Hybrid SNCR and SCR involves the processing of the exhaust gas through SNCR followed by SCR through the processes previously described. Hybrid has benefits over SCR in that the catalyst volumes can be decreased resulting in a lower capital cost investment and reduced space requirements.

Hybrid SCR/SNCR is technically feasible but to the authors’ knowledge has not been implemented on any plant. There are a number of uncertainties associated with the hybrid approach due to its first of a kind nature, however as both technologies are applied at different points in the cycle they are essentially independent, which reduces the likelihood of any problems with applying both in sequence. There may be

technical issues to be dealt with such as unexpected impacts on flexibility or possible issues with slippage of ammonia, however as both technologies have been

successfully retrofitted to coal plant separately it is unlikely that any such problems would be serious enough to render the hybrid unworkable. SNCR has not yet been applied at full scale in coal plant.
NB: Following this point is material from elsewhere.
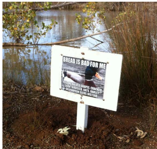
New sign beside the Lake

If you use Facebook and/or Twitter you may want to keep up with information via the Friends of the Melton Botanic Garden Group. Type "Melton Botanic Garden" into the search box and you should
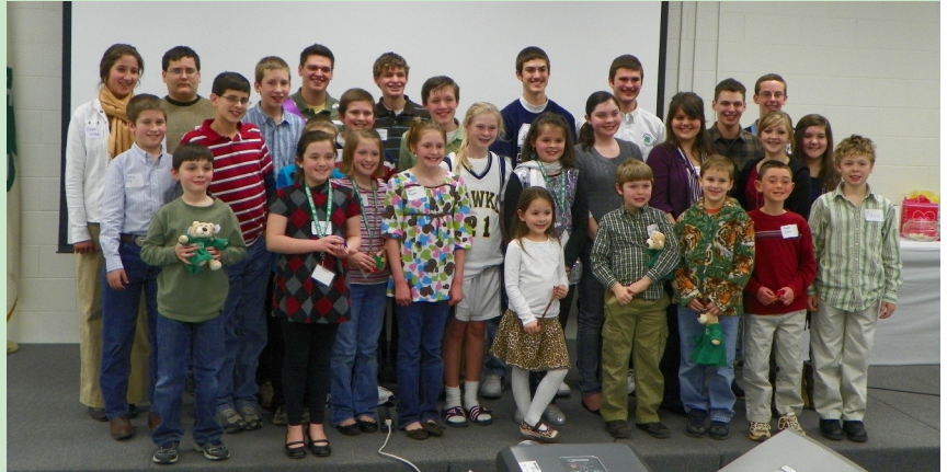
Achievement Award Winners

One possible problem is that contractors may be unwilling to implement a cheaper option when a more expensive option is available and is more proven, however this is a challenge that faces every new technology and can be overcome through e.g. competitive bidding processes.
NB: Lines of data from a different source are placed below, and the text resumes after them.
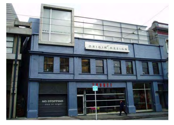
Good example of identification signage of high design quality that respects the character and context of the 'host' building

Heritage items (buildings, objects, trees and areas) have special significance to the city. Signs relating to them should be designed and located carefully to avoid detracting from the special qualities of the heritage item, especially
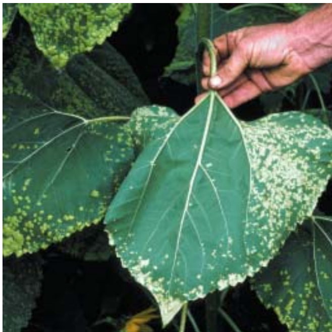
White Blister ( Albugo trogopogonis )
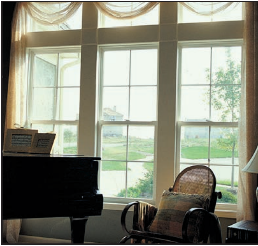
Double-Hung and Transom Windows Bring added height and light to any room setting
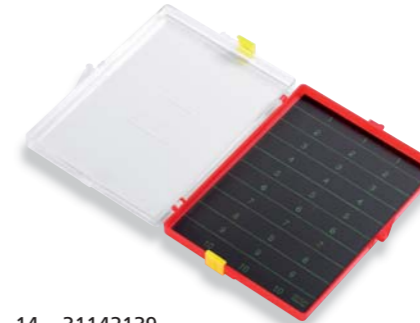
14. 31142139 Clear top, single black magnet
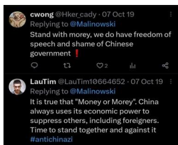
Image 16 & 17. Pictures of pro and contra comment toward Morey's tweet from.

All of this shows how people are "attracted" to this fight. Morey's tweet was praised by people involved in the pro-democracy movement in Hong Kong as a sign of freedom of speech and human rights. While Chinese nationalists and people who support the Chinese government were critical of him and the NBA because they saw that Morey's tweet threatened Chinese sovereignty, those fans from both countries were actively exchanging opinions and words in social media.
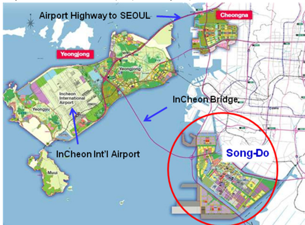
(The west part of Incheon)
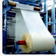
Converting & Packing

In a Hybrid plant SNCR would be applied by injecting reagent into the boiler furnace, reducing the NOx concentration at the furnace outlet and SCR would be applied to the boiler flue gases by introducing a new bypass section of ductwork cantilevered outside the rear of the boiler, which contains the catalyst. This could be achieved by building an SCR reactor with only 2/3 of the catalyst required for a full-size SCR. This hybrid option would be cheaper in capital cost to a full SCR and would have minimal impact on plant operation. Alternatively the catalyst required could be installed in existing ductwork which would be cheaper than a full size SCR, making the hybrid option significantly cheaper in terms of capital cost.